> **Prompt**: Output exactly the lines of the listing below that run from the line with "Perched atop a" through the line with "Nära Benjamin Franklin's". No pictures.
Start of Task data
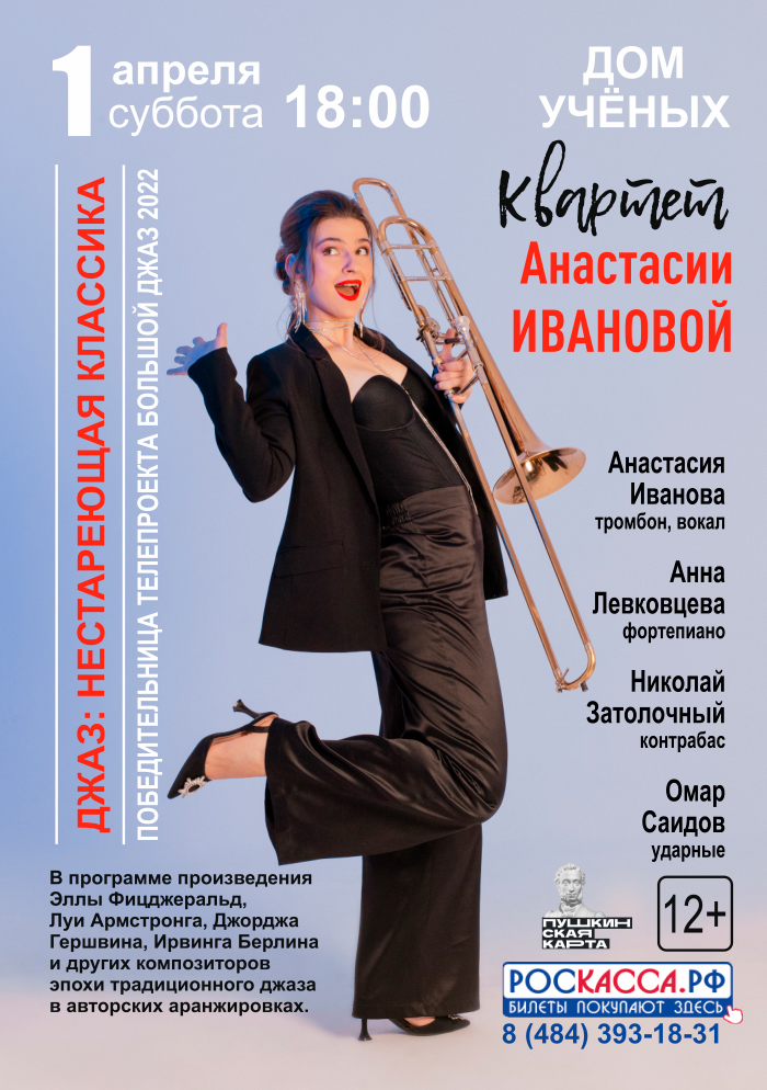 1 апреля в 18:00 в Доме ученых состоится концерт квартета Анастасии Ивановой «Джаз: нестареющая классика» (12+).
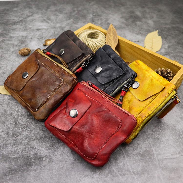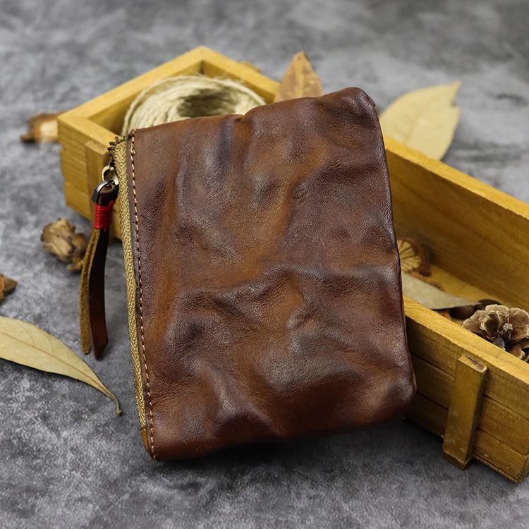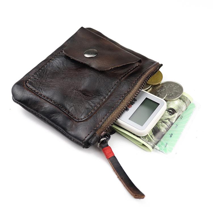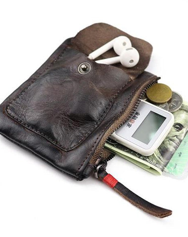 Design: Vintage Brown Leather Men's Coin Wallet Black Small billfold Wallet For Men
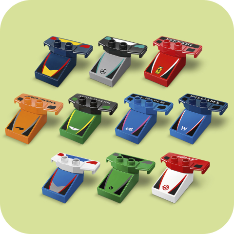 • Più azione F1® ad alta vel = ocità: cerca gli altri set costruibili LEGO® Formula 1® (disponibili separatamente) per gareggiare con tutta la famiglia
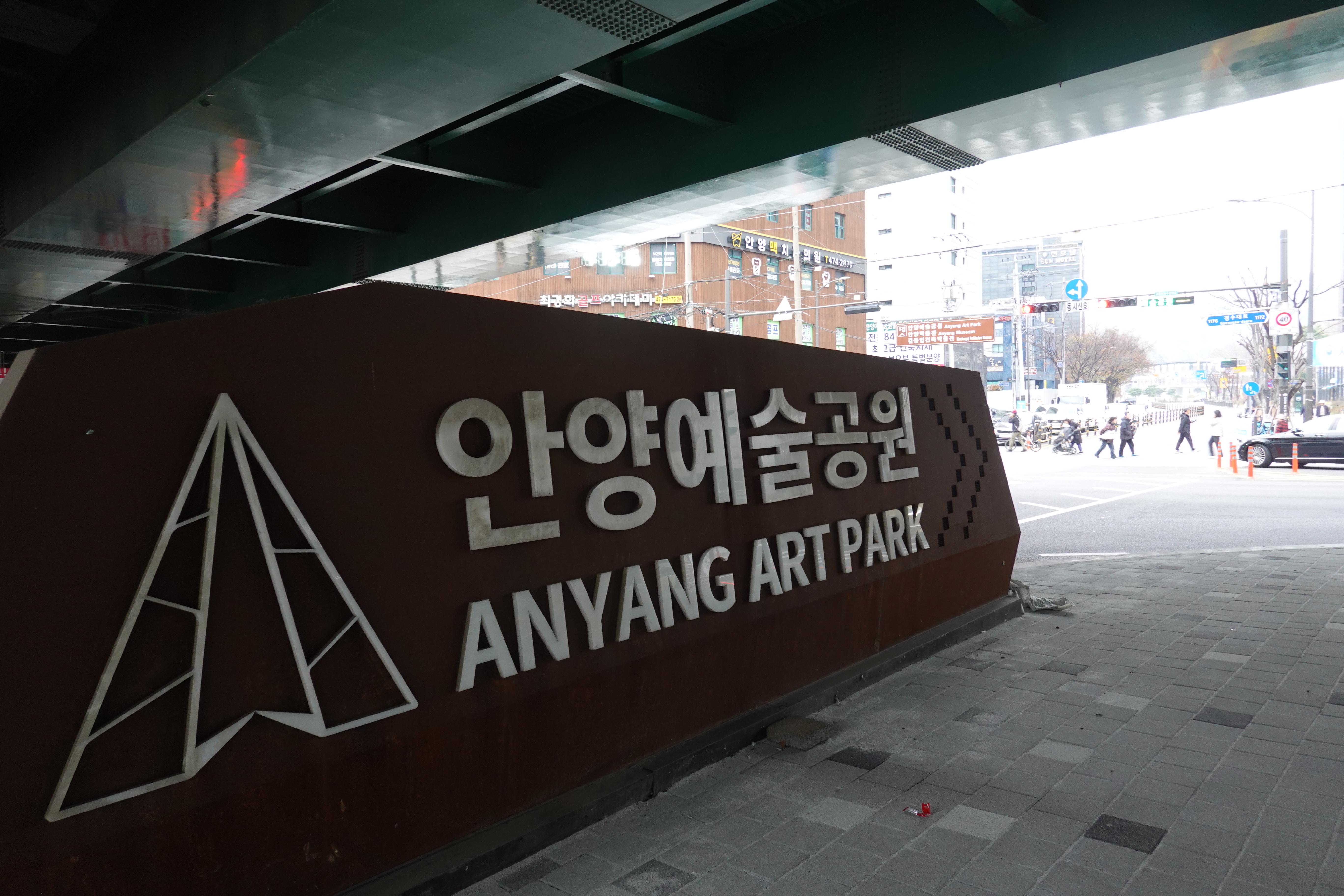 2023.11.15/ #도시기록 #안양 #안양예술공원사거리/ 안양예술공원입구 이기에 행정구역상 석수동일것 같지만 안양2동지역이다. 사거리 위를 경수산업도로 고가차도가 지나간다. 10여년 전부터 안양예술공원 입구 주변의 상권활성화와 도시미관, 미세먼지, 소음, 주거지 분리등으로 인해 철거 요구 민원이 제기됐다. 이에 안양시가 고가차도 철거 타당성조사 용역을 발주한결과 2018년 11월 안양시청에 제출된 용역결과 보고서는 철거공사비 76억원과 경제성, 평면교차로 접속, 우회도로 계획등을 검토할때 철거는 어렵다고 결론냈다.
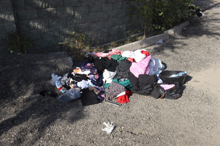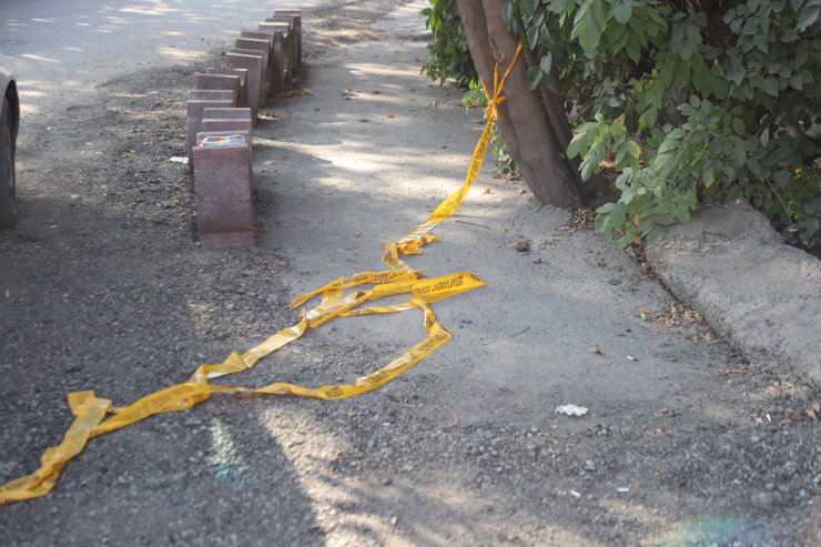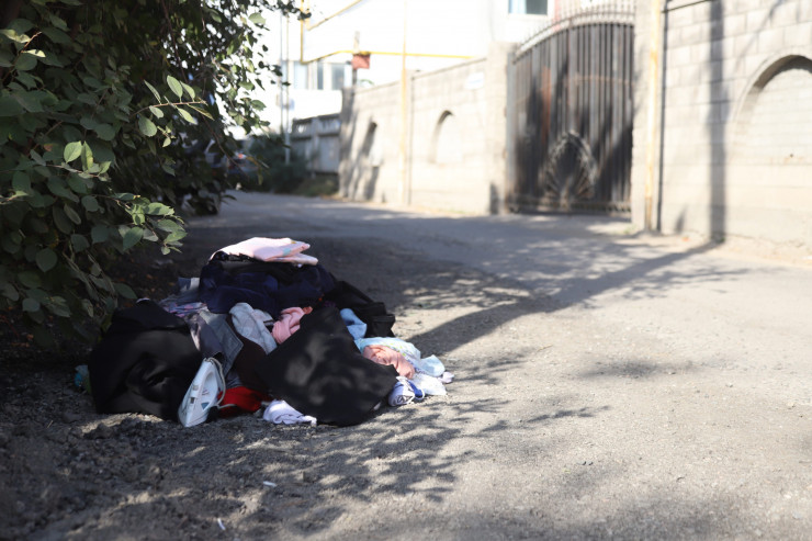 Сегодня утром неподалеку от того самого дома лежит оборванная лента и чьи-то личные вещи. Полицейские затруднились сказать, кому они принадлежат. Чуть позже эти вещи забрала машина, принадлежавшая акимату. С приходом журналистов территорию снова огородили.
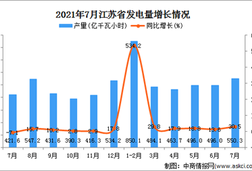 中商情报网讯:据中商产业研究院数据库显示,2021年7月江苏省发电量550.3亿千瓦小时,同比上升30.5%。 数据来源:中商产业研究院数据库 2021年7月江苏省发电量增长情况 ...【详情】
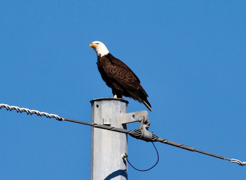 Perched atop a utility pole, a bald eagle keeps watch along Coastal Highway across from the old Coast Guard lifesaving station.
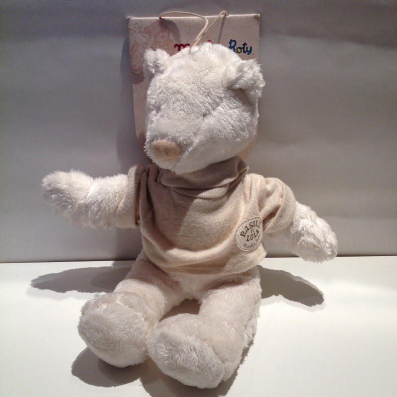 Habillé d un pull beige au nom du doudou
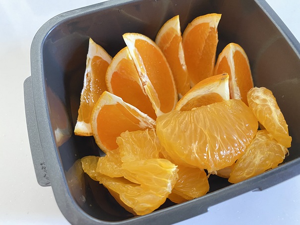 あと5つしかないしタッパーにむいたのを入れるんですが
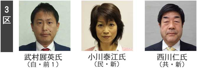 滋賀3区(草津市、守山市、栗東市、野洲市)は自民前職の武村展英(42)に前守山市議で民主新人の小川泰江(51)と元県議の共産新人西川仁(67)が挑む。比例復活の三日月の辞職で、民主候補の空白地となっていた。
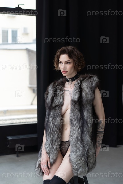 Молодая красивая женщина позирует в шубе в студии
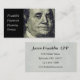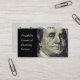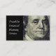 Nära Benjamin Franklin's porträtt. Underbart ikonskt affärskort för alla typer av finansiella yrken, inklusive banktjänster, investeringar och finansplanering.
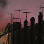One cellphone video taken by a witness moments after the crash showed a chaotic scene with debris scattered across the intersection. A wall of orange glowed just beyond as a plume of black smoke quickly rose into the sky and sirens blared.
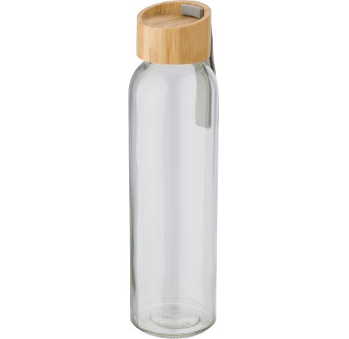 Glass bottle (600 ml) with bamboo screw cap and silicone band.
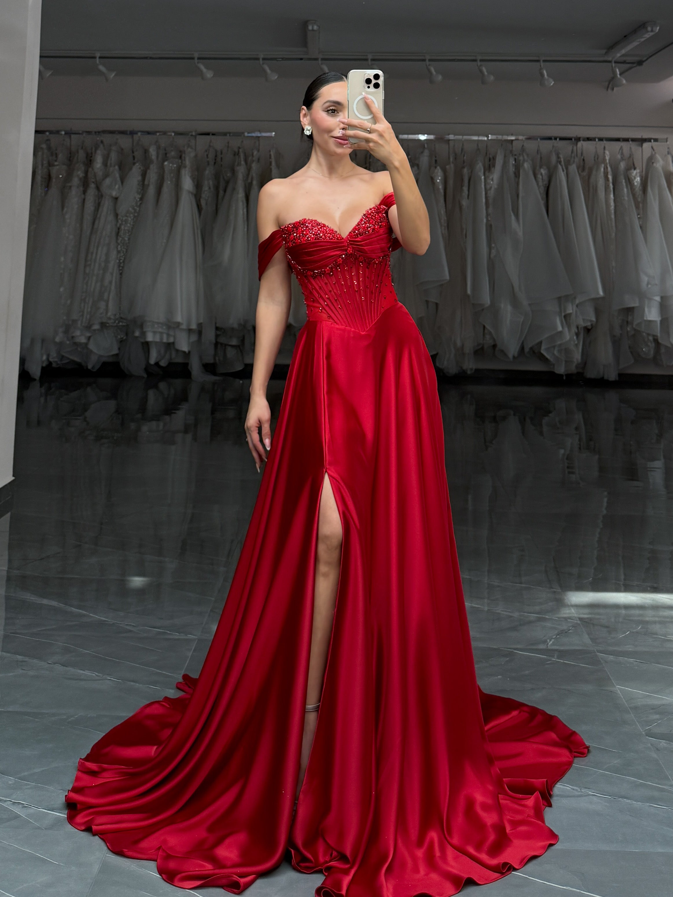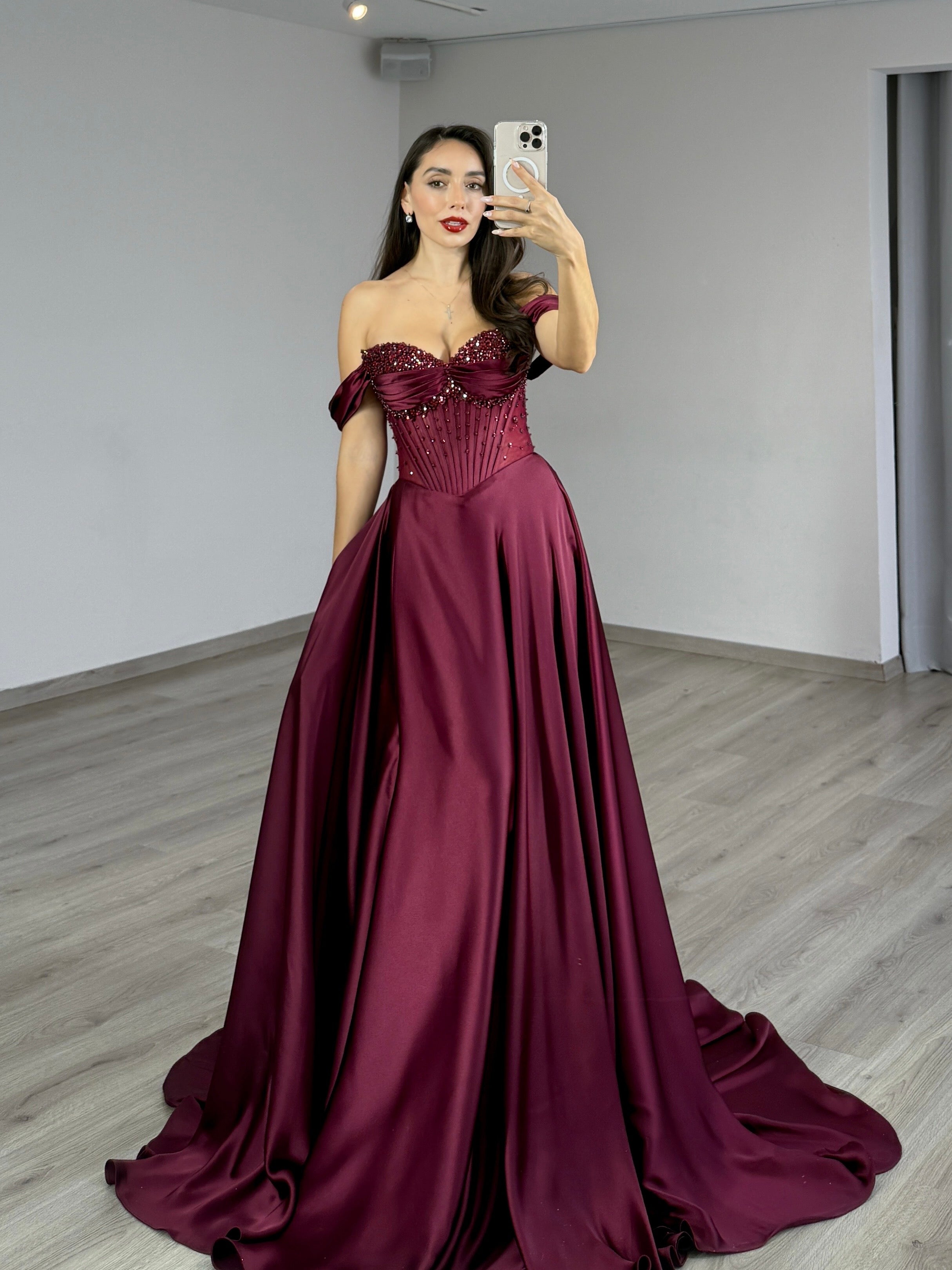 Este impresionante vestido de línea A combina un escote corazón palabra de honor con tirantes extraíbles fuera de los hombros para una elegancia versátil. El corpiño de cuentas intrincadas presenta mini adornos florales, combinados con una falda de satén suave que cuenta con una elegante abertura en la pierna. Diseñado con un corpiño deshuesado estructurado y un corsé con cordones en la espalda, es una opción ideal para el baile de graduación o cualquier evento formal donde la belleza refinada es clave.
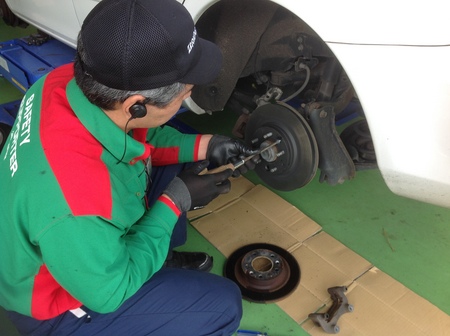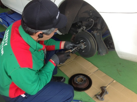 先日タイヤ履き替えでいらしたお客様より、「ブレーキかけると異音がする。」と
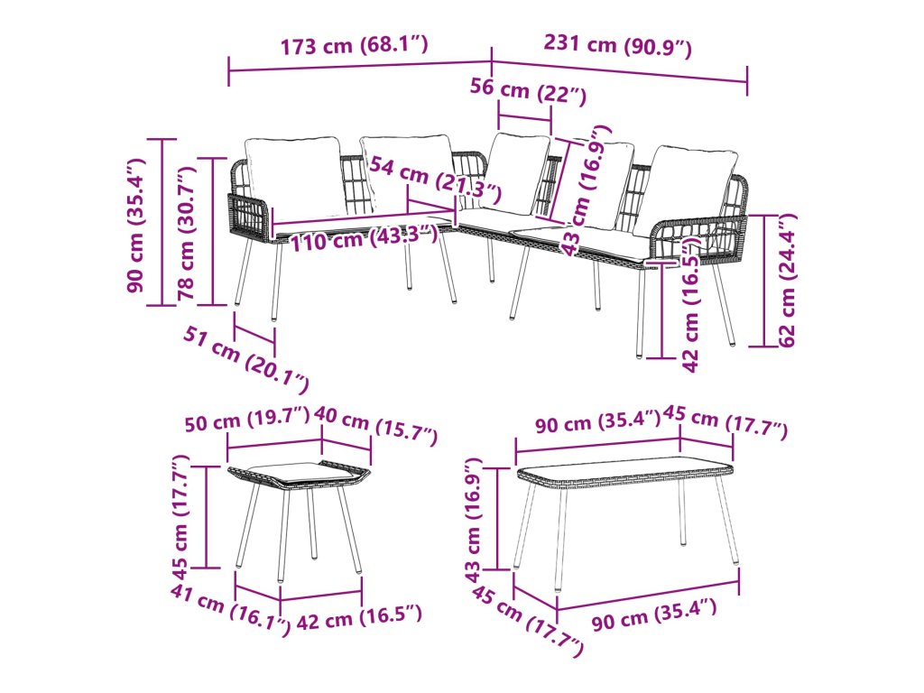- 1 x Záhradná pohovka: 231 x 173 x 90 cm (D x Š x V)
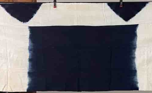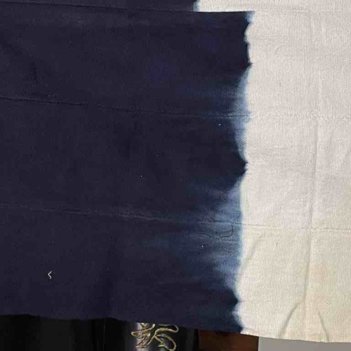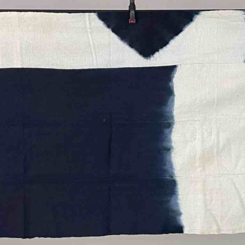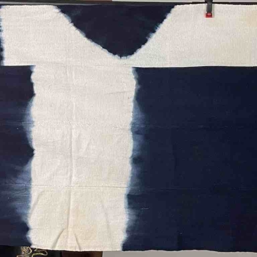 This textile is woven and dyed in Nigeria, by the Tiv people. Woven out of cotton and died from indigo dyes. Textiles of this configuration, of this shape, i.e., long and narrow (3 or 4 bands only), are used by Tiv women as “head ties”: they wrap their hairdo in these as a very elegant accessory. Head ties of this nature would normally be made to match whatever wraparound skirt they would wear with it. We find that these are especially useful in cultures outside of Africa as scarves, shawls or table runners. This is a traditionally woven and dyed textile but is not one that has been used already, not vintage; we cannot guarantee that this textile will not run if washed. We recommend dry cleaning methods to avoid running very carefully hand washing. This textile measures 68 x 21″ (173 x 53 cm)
End of Task data
> **Answer space**:
 Perched atop a utility pole, a bald eagle keeps watch along Coastal Highway across from the old Coast Guard lifesaving station.
 Habillé d un pull beige au nom du doudou
 あと5つしかないしタッパーにむいたのを入れるんですが
 滋賀3区(草津市、守山市、栗東市、野洲市)は自民前職の武村展英(42)に前守山市議で民主新人の小川泰江(51)と元県議の共産新人西川仁(67)が挑む。比例復活の三日月の辞職で、民主候補の空白地となっていた。
 Молодая красивая женщина позирует в шубе в студии
 Nära Benjamin Franklin's porträtt. Underbart ikonskt affärskort för alla typer av finansiella yrken, inklusive banktjänster, investeringar och finansplanering.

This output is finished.